Use semantic types with scripts
The Datagrok semantic types is a very powerful concept, allowing you to define the meaning of your data. For example, you can specify that a particular string contains a chemical molecule in SMILES format, E-mail, or URL address.
For example, let's explore the Gasteiger partial charges script,
which takes a molecule in SMILES format as input
and calculates the Gasteiger charges distribution.
The script is provided with the Chem
package.
The script takes as an input the string variable mol
with the semantic annotation Molecule
.
When you run the script, you will see the following:
- Result
- Python
#name: GasteigerCharges Demo
#description: Calculates Gasteiger charge distribution
#language: python
#tags: demo, chem, rdkit
#input: string mol = "COc1cccc2cc(C(=O)NCCCCN3CCN(c4cccc5nccnc54)CC3)oc21" {semType: Molecule} [Molecule, in SMILES format]
#input: int contours = 10
#output: graphics charges [The Gasteiger partial charges]
from rdkit import Chem
from rdkit.Chem import AllChem
from rdkit.Chem.Draw import SimilarityMaps
mol = Chem.MolFromMolBlock(mol) if ("M END" in mol) else Chem.MolFromSmiles(mol)
if mol is not None:
AllChem.ComputeGasteigerCharges(mol)
contribs = [float(mol.GetAtomWithIdx(i).GetProp('_GasteigerCharge')) for i in range(mol.GetNumAtoms())]

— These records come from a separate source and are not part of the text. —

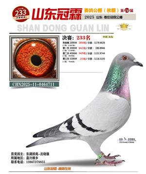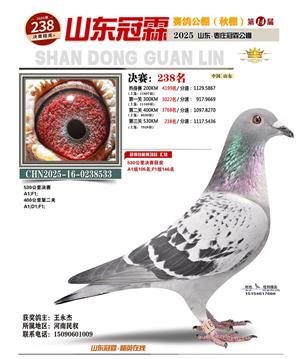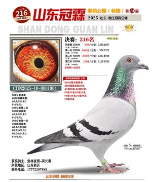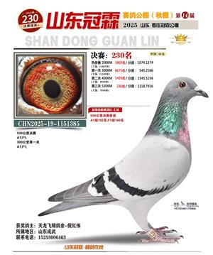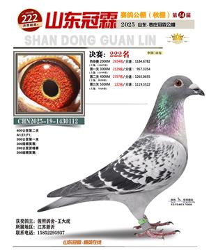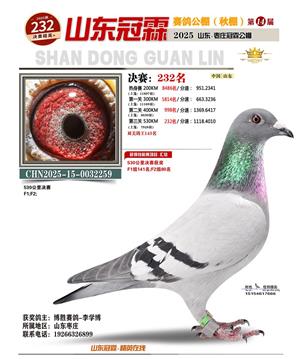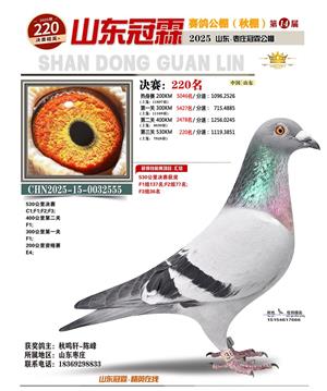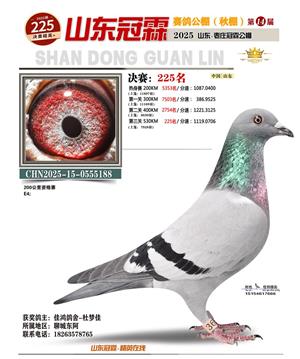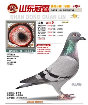山东冠霖赛鸽公棚决赛1-1000名获奖鸽照片
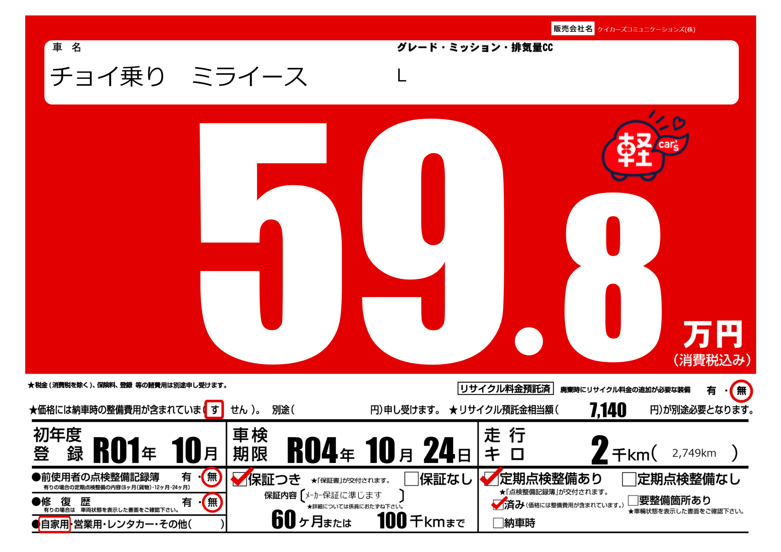| 定期点検整備 | 定期点検整備あり 定期点検整備済み | ||
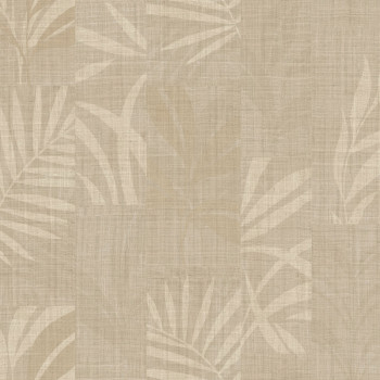 Luxusní vliesová tapeta s vinylovým povrchem, plastické motivy listů v odstínech pololesklé šedo-béžové, hrubší látková textura. Foto interiéru je pouze ilustrační - odlišné barvy.
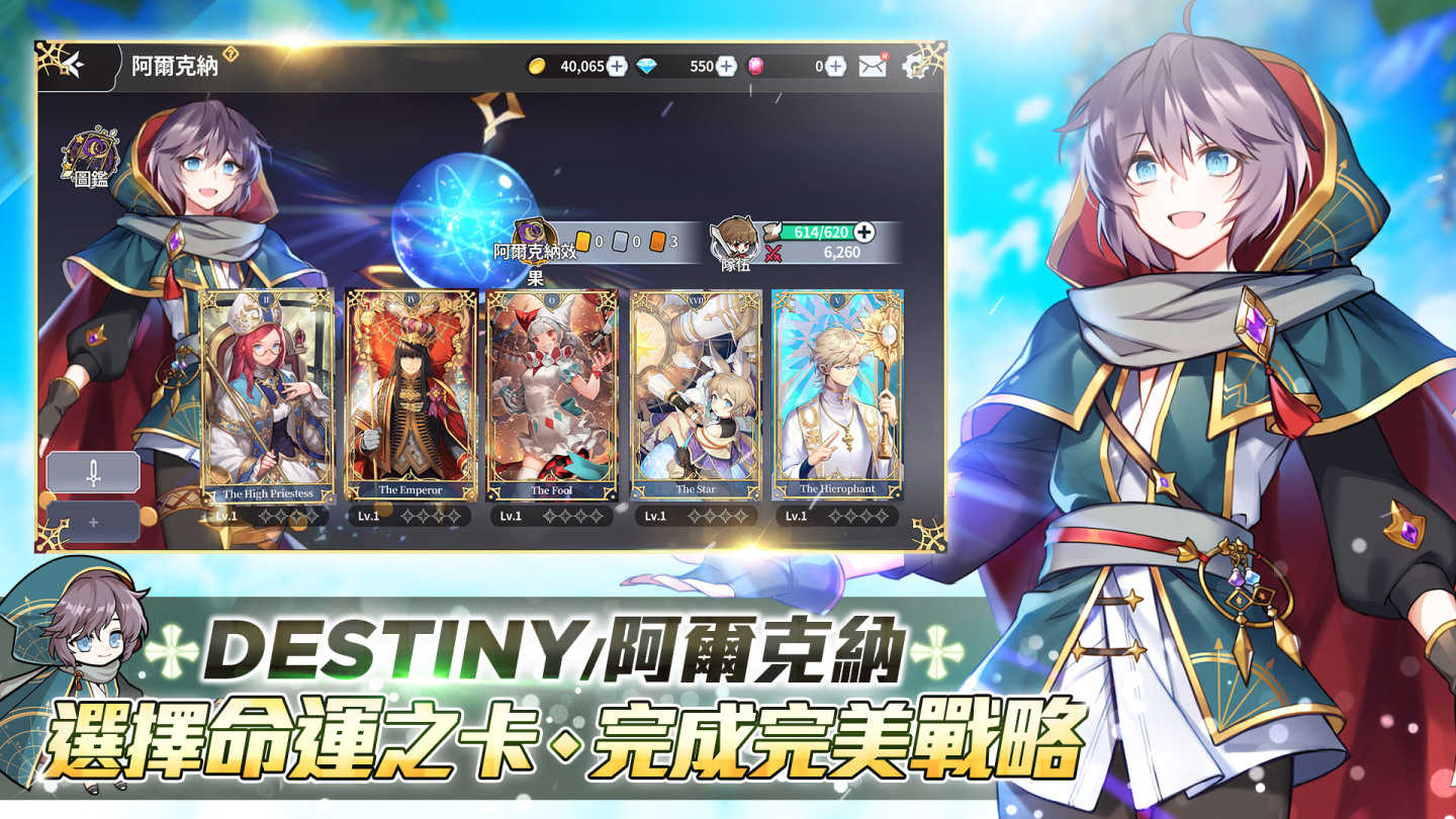 玩家在阿爾克納牌組中可放置五張卡,由於每張卡都有不同的 Buff 效果,可任意擬定配置屬於自己的牌組,來提升每位英雄戰力及獲得特殊效果,因此每張卡片都是相當重要。舉例來說,想要隊伍中的英雄能增加暴擊率或增加火屬性英雄出場機會…等,就需配置對應的阿爾克納卡,來達到百分之百的完美戰略。

charges = SimilarityMaps.GetSimilarityMapFromWeights(mol, contribs, contourLines=contours)
Datagrok recognized the Molecule
semantic types and created the custom UI displaying molecule formula.
Click on it to open
chemical sketcher
and draw your own molecule.
Datagrok has outstanding chemoinformatics support,
so almost all UI elements provide you special viewing and editing options for chemical structures.
You can assign a semantic type to output variables in the same way. The semantic types annotation has no benefits for simple scalar output, but it is extremely helpful when you integrate your script with the Datagrok platform.
Semantic types for columns
Similarly, you can specify the semantic type for dataframe columns.
For example, let column
or column_list
selectors accept only
columns containing chemical molecules.
#input: dataframe df {caption: Dataframe}
#input: column mol {semType:Molecule; caption: Molecules} [Molecules to analyze]